There are two questions to answer first:
- Which is more important, memory or execution time?
- How big is the character set you're processing?
If you've got plenty of memory available compared to the size of the size of the character set then a full frequency table (as in solution one) is probably the way to go. Please use C++ though and not some C relic[1]. Use:
std::vector<int> frequency_table( 256 );
rather than an array. You could even be flash and use
std::for_each
to do the counting in not many lines from a stream or another collection.

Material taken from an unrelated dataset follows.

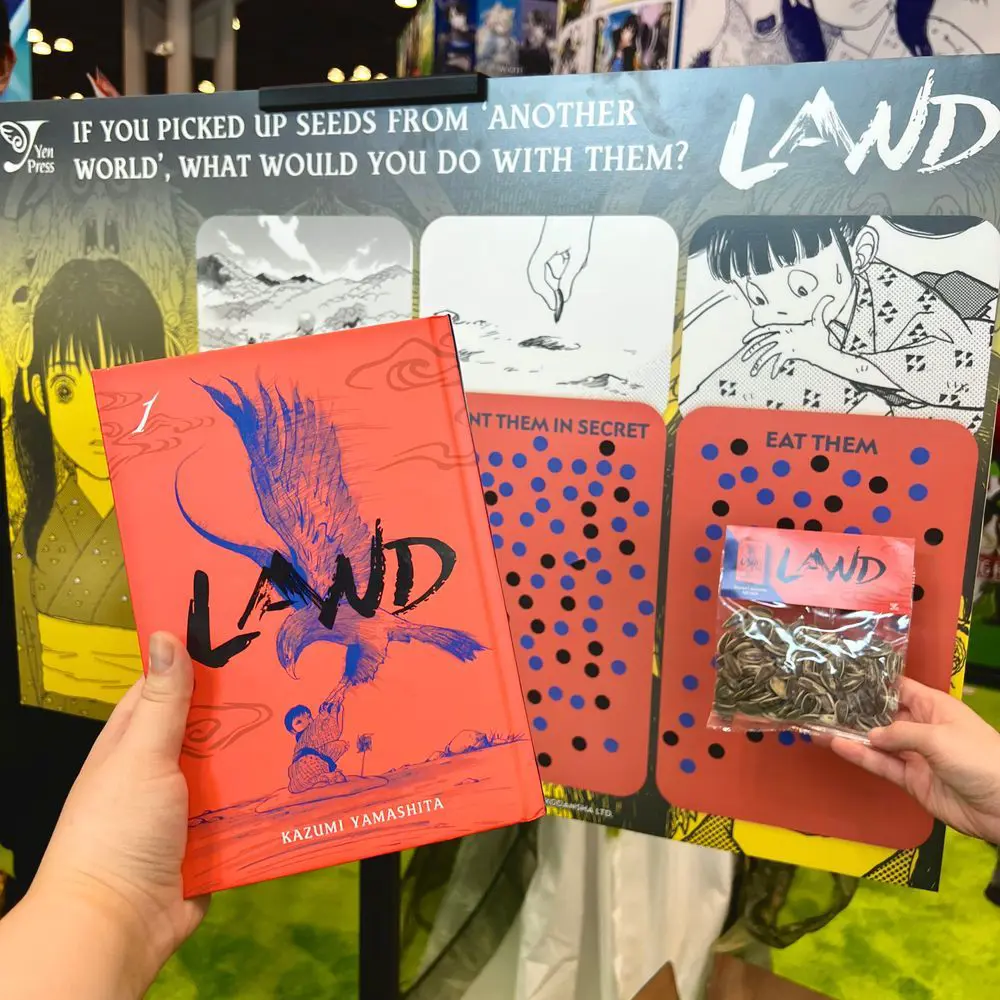 ! Stop by booth 1701 for a chance to pick up some ✨magical✨seeds AND an early copy of Land, Vol. 1! 🌱

If you're limited by memory OR you can't fit the full frequency table in the application's working set then you can use a sparse frequency table. Make a map of ints to ints:
std::map<int,int> frequency_table;
and use it
exactly as you would the table in the other solution. It'll be slower but if it's the difference between code working and not working I'll take slower any day.
And if you bury it all in a class you can template the lot on the collection you're using and change it if it's too slow/too big. What's not to like?
Oh, one final thing. If your code is meant to handle UTF-8 or UTF-16 remember that one C++ char/wchar_t may not be a full character in those representations.
[1] I use the word relic to refer to the practice of using C constructs in C++ programs. I'm not calling C a relic, it's not - it's still one of the most important languages on the planet.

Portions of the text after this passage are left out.